(Stored data)
►

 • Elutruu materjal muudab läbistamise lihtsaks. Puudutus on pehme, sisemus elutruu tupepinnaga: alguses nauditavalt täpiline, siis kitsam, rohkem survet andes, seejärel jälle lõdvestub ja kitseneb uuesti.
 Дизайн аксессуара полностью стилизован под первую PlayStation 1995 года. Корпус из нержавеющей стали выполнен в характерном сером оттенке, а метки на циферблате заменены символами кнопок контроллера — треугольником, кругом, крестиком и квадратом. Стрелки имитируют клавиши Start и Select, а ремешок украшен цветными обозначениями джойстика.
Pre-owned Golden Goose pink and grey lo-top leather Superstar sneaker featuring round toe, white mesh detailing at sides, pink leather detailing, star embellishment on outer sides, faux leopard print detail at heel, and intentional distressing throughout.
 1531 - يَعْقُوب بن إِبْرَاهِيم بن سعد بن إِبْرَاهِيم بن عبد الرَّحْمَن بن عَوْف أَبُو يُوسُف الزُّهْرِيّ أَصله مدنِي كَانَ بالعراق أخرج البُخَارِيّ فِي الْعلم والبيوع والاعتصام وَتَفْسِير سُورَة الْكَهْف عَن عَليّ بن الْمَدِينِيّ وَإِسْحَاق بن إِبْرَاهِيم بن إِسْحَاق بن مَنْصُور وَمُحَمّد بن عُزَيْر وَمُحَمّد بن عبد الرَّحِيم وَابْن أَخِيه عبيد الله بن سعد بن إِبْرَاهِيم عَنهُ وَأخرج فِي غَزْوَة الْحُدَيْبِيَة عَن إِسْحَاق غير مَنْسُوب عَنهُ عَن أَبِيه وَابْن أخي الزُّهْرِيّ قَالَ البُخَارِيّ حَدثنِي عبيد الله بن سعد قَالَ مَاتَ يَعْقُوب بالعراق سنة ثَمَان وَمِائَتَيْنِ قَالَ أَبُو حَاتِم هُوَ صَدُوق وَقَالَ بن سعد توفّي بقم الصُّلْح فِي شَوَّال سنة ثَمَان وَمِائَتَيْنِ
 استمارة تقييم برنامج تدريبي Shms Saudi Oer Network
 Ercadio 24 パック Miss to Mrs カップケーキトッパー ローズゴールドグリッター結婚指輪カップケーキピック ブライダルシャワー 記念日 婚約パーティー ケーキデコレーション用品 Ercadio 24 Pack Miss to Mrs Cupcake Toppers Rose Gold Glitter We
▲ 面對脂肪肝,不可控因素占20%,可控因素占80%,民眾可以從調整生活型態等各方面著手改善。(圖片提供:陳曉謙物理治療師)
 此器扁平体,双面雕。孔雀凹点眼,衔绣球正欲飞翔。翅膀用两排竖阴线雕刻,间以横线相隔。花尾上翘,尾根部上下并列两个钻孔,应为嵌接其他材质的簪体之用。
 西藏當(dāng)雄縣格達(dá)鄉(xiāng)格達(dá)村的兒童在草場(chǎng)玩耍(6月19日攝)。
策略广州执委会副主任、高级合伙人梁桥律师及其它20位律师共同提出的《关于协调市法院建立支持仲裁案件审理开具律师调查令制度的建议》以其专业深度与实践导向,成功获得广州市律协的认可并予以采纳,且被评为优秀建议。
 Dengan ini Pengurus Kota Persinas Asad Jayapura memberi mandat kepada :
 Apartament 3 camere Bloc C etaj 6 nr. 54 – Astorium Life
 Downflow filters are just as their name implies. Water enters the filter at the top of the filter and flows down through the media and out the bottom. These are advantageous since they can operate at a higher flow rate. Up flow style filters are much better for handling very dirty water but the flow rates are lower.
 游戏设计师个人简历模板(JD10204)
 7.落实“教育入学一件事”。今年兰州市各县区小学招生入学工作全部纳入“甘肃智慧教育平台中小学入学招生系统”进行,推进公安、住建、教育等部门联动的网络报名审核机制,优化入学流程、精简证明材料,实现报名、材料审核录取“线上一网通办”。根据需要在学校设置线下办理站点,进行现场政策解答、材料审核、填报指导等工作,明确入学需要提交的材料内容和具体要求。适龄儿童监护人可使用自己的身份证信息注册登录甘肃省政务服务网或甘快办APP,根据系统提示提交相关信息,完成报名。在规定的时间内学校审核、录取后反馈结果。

◄

## Aim of the exercise
Your answer should hold the line with "策略广州执委会副主任、高级合" and each line after it to the end of the data, retyped exactly. Include no other lines.

## Exercise result
策略广州执委会副主任、高级合伙人梁桥律师及其它20位律师共同提出的《关于协调市法院建立支持仲裁案件审理开具律师调查令制度的建议》以其专业深度与实践导向,成功获得广州市律协的认可并予以采纳,且被评为优秀建议。
 Dengan ini Pengurus Kota Persinas Asad Jayapura memberi mandat kepada :
 Apartament 3 camere Bloc C etaj 6 nr. 54 – Astorium Life
 Downflow filters are just as their name implies. Water enters the filter at the top of the filter and flows down through the media and out the bottom. These are advantageous since they can operate at a higher flow rate. Up flow style filters are much better for handling very dirty water but the flow rates are lower.
 游戏设计师个人简历模板(JD10204)
 7.落实“教育入学一件事”。今年兰州市各县区小学招生入学工作全部纳入“甘肃智慧教育平台中小学入学招生系统”进行,推进公安、住建、教育等部门联动的网络报名审核机制,优化入学流程、精简证明材料,实现报名、材料审核录取“线上一网通办”。根据需要在学校设置线下办理站点,进行现场政策解答、材料审核、填报指导等工作,明确入学需要提交的材料内容和具体要求。适龄儿童监护人可使用自己的身份证信息注册登录甘肃省政务服务网或甘快办APP,根据系统提示提交相关信息,完成报名。在规定的时间内学校审核、录取后反馈结果。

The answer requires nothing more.